Source data

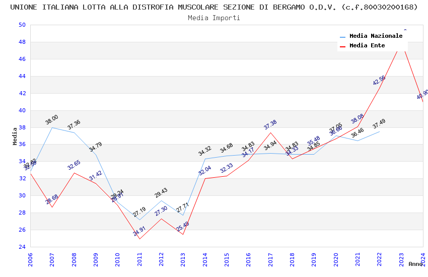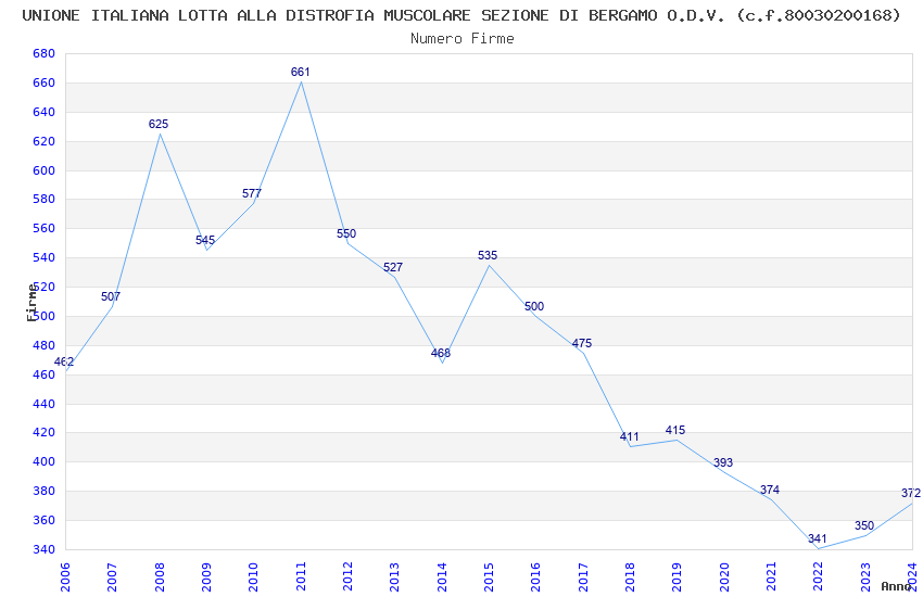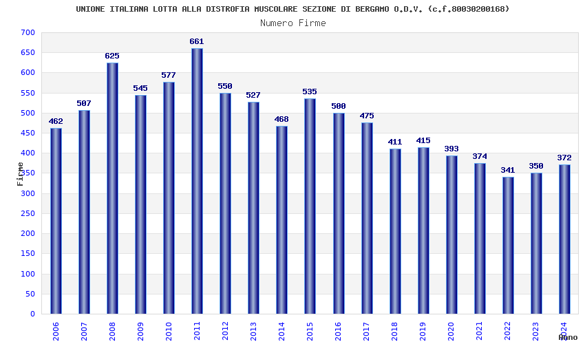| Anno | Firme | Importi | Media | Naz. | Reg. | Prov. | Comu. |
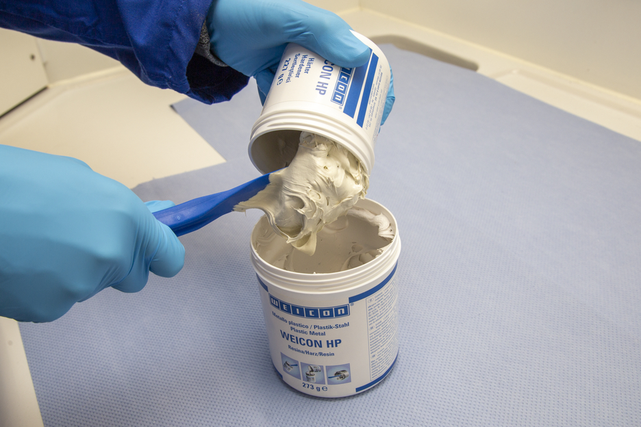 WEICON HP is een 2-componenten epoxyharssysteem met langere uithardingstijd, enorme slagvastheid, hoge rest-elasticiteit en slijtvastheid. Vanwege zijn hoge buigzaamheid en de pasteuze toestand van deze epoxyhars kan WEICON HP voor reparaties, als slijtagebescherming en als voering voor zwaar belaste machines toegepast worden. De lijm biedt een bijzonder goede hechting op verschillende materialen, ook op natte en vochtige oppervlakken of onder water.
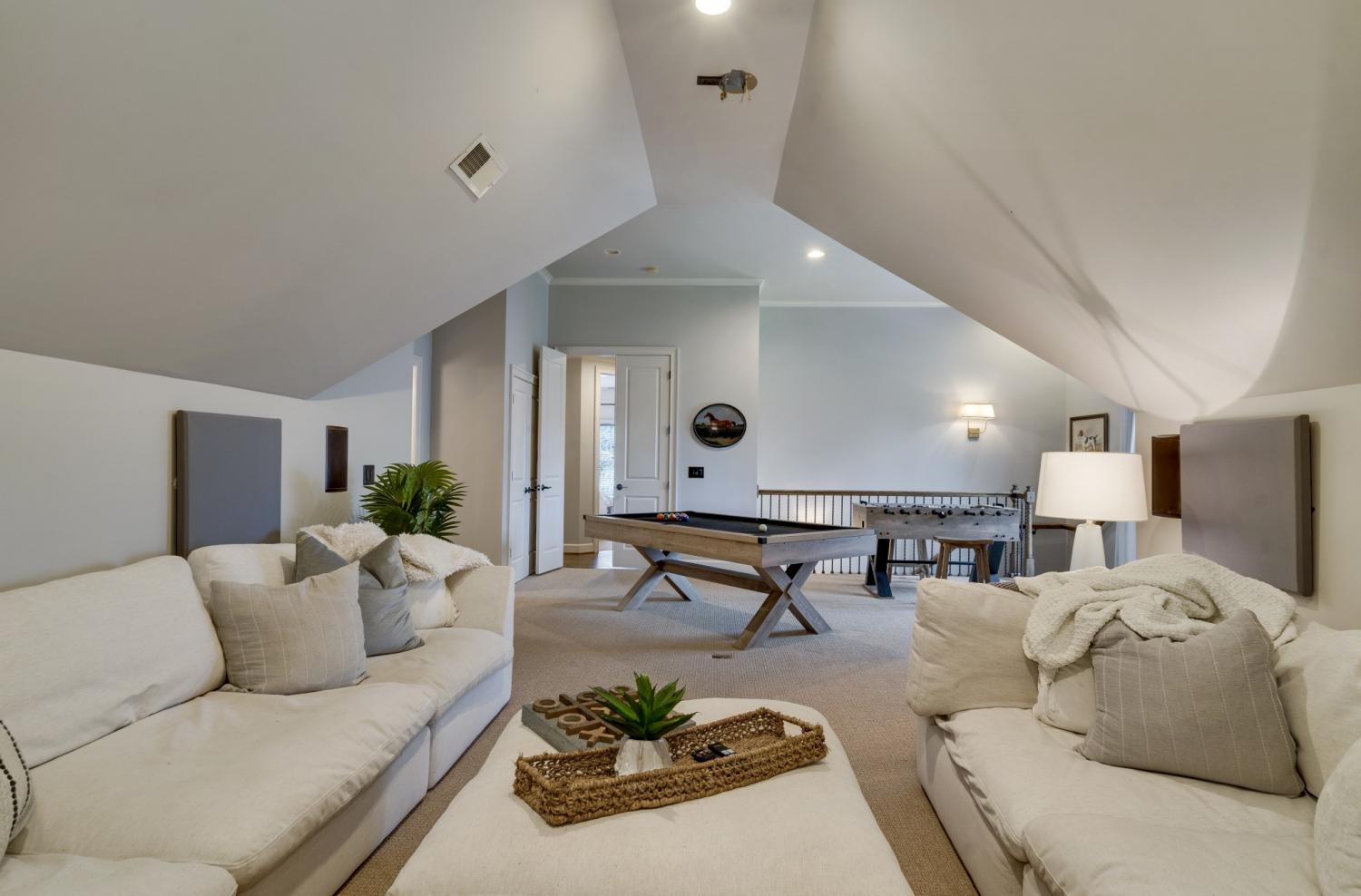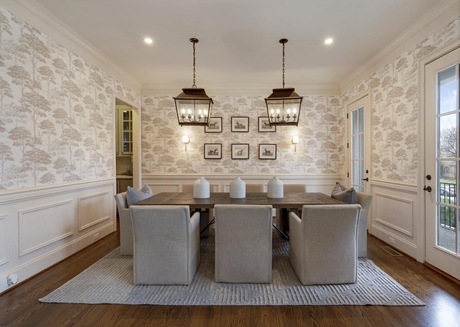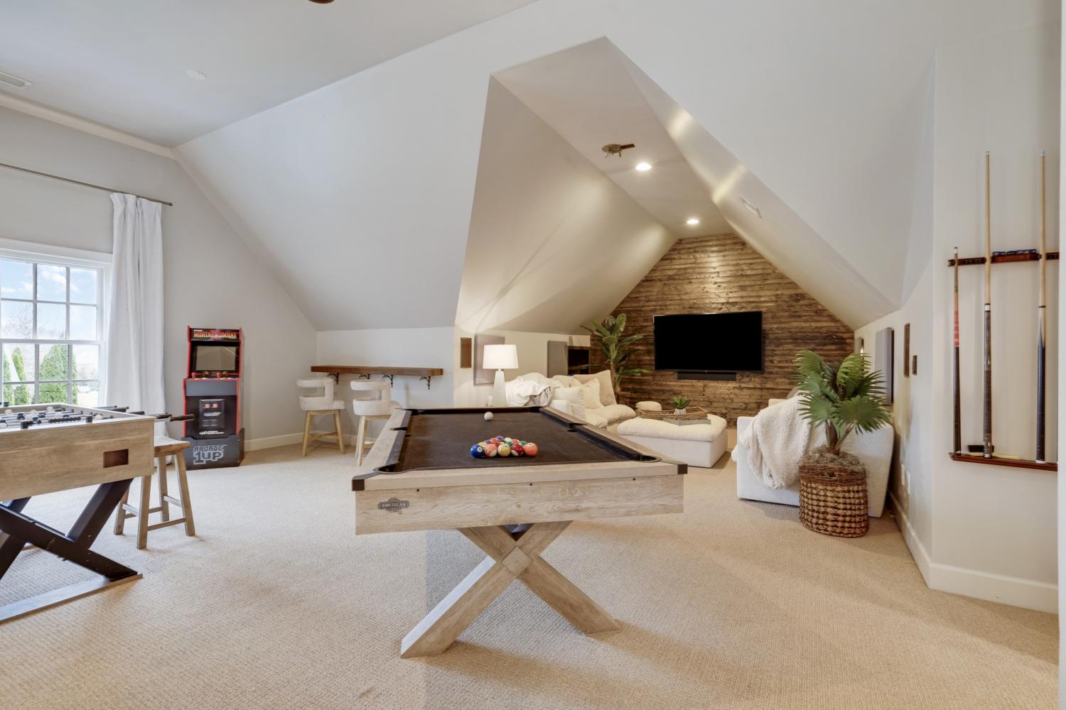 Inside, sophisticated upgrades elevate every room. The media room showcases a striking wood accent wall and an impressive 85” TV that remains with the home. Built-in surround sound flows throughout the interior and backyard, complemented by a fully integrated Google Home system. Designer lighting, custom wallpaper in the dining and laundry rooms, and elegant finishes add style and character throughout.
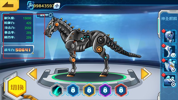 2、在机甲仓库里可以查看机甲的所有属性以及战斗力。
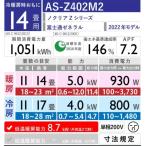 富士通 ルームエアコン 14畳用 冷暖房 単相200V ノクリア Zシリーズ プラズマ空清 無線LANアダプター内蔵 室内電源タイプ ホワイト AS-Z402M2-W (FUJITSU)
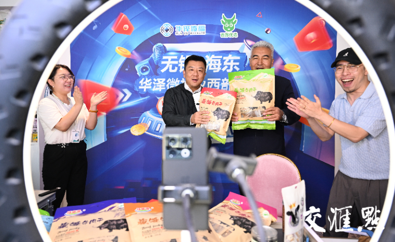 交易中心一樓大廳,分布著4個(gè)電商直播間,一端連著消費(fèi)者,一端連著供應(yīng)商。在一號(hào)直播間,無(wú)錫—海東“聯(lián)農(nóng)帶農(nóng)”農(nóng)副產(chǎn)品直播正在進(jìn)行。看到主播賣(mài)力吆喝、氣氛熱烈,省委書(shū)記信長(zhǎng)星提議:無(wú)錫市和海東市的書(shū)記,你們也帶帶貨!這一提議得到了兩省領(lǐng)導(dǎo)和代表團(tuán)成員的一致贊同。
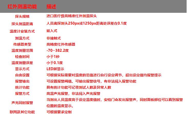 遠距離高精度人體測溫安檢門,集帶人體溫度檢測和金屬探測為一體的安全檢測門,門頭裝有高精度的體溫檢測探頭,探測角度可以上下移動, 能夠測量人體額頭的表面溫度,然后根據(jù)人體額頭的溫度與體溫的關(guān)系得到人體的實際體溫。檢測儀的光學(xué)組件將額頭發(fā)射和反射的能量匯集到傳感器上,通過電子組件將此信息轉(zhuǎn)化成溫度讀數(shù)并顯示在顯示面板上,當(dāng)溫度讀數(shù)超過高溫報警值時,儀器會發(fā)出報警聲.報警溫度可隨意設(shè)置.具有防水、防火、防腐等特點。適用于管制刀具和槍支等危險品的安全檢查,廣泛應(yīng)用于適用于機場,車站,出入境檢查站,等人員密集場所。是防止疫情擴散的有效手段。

Problem requirements -> Every line from the one containing "WEICON HP is" through the end of the entries above, both included, should be extracted exactly, with pictures left out.

Response to the exercise ->
 WEICON HP is een 2-componenten epoxyharssysteem met langere uithardingstijd, enorme slagvastheid, hoge rest-elasticiteit en slijtvastheid. Vanwege zijn hoge buigzaamheid en de pasteuze toestand van deze epoxyhars kan WEICON HP voor reparaties, als slijtagebescherming en als voering voor zwaar belaste machines toegepast worden. De lijm biedt een bijzonder goede hechting op verschillende materialen, ook op natte en vochtige oppervlakken of onder water.
 Inside, sophisticated upgrades elevate every room. The media room showcases a striking wood accent wall and an impressive 85” TV that remains with the home. Built-in surround sound flows throughout the interior and backyard, complemented by a fully integrated Google Home system. Designer lighting, custom wallpaper in the dining and laundry rooms, and elegant finishes add style and character throughout.
 2、在机甲仓库里可以查看机甲的所有属性以及战斗力。
 富士通 ルームエアコン 14畳用 冷暖房 単相200V ノクリア Zシリーズ プラズマ空清 無線LANアダプター内蔵 室内電源タイプ ホワイト AS-Z402M2-W (FUJITSU)
 交易中心一樓大廳,分布著4個(gè)電商直播間,一端連著消費(fèi)者,一端連著供應(yīng)商。在一號(hào)直播間,無(wú)錫—海東“聯(lián)農(nóng)帶農(nóng)”農(nóng)副產(chǎn)品直播正在進(jìn)行。看到主播賣(mài)力吆喝、氣氛熱烈,省委書(shū)記信長(zhǎng)星提議:無(wú)錫市和海東市的書(shū)記,你們也帶帶貨!這一提議得到了兩省領(lǐng)導(dǎo)和代表團(tuán)成員的一致贊同。
 遠距離高精度人體測溫安檢門,集帶人體溫度檢測和金屬探測為一體的安全檢測門,門頭裝有高精度的體溫檢測探頭,探測角度可以上下移動, 能夠測量人體額頭的表面溫度,然后根據(jù)人體額頭的溫度與體溫的關(guān)系得到人體的實際體溫。檢測儀的光學(xué)組件將額頭發(fā)射和反射的能量匯集到傳感器上,通過電子組件將此信息轉(zhuǎn)化成溫度讀數(shù)并顯示在顯示面板上,當(dāng)溫度讀數(shù)超過高溫報警值時,儀器會發(fā)出報警聲.報警溫度可隨意設(shè)置.具有防水、防火、防腐等特點。適用于管制刀具和槍支等危險品的安全檢查,廣泛應(yīng)用于適用于機場,車站,出入境檢查站,等人員密集場所。是防止疫情擴散的有效手段。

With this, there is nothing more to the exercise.